An emotional President Ronald Reagan presided over the interment of six bones, the remains of an unidentified Vietnam War soldier, on November 28, 1984. Fourteen years later, those remains were disinterred, and thanks to the process of DNA testing, he was no longer unknown.
The once-unknown fighter was Air Force pilot Lieutenant Michael Joseph Blassie, whose jet crashed in South Vietnam in 1972. Lieutenant Blassie was reburied near his hometown of St. Louis, Missouri. His crypt at Arlington remains permanently empty.
In 1988, 2500 motorcyclists rode into Washington, D.C. on Memorial Day weekend for the first Rolling Thunder rally to draw attention to Vietnam War soldiers still missing in action or prisoners of war. By 2002, the ride had swelled to more than 300,000 bikers, many of them veterans. There may have been as many as a half-million participants in 2005 according to a national veterans group, and Rolling Thunder organizers. Rolling Thunder takes its name from the B-52 carpet-bombing runs during the war in Vietnam.
As you might know, Taps, the 24-note bugle call, is played at all military funerals and memorial services. It originated in 1862 when Union General Dan Butterfield "grew tired of the 'lights out' call sounded at the end of each day." According to The Washington Post, together with the brigade bugler, Butterfield made some changes to the tune.
Not long after, the melody was used at a burial for the first time when a battery commander ordered it played in lieu of the customary three rifle volleys over the grave. The battery was so close to enemy lines, that the commander was worried the shots would spark renewed fighting.
As you now know, the Memorial Day Holiday has its roots firmly established in the American Civil War, but it is perhaps the World War I poem, "In Flanders Fields," by John McCrea, which most venerates the many thousands of fallen soldiers we honor on what to me is a sacred holiday. This poem inspired the Memorial Day custom of wearing red artificial poppies. In 1915, a Georgia teacher and volunteer war worker named Moina Michael began a campaign to make the poppy a symbol of tribute to veterans and for "keeping the faith with all who died." The sale of poppies has supported the work of the Veterans of Foreign Wars for many years.

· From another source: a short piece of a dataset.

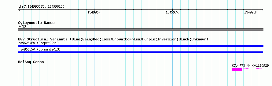 Variant DetailsVariant: nsv966890| Internal ID | 18602119 | | Landmark | | | Location Information | | | Cytoband | 7q33 | | Allele length | | Assembly | Allele length | | hg38 | 3116 | | hg19 | 3116 | | hg18 | 3116 |

It was in the year 2000, that Congress established a National Moment of Remembrance, which asks Americans to pause for one minute at 3 p.m. in an act of national unity. The time was chosen because 3 p.m. "is the time when most Americans are enjoying their freedoms on the national holiday."

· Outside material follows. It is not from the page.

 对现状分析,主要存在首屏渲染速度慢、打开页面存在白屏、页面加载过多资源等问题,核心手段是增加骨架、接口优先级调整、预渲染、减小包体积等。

This year on Memorial Day, and for the years to come, it is my hope that you’ll consider it not just a holiday, but a day of Honor. You can respect and honor those fallen hero’s by remembering.
Now, I’d like to end with the reading of:
In Flanders Fields
BY Lt Colonel JOHN MCCRAE, MD 1872 – 1918
a late member of the Canadian Army
In Flanders fields the poppies blow
Between the crosses, row on row,
That mark our place; and in the sky
The larks, still bravely singing, fly
Scarce heard amid the guns below.
We are the Dead. Short days ago
We lived, felt dawn, saw sunset glow,
Loved and were loved, and now we lie,
In Flanders fields.
Take up our quarrel with the foe:
To you from failing hands we throw
The torch; be yours to hold it high.
If ye break faith with us who die
We shall not sleep, though poppies grow
In Flanders fields.
Please remember, it is customary on Memorial Day to fly the flag at half - staff until noon, and then raise it to the top of the staff until sunset.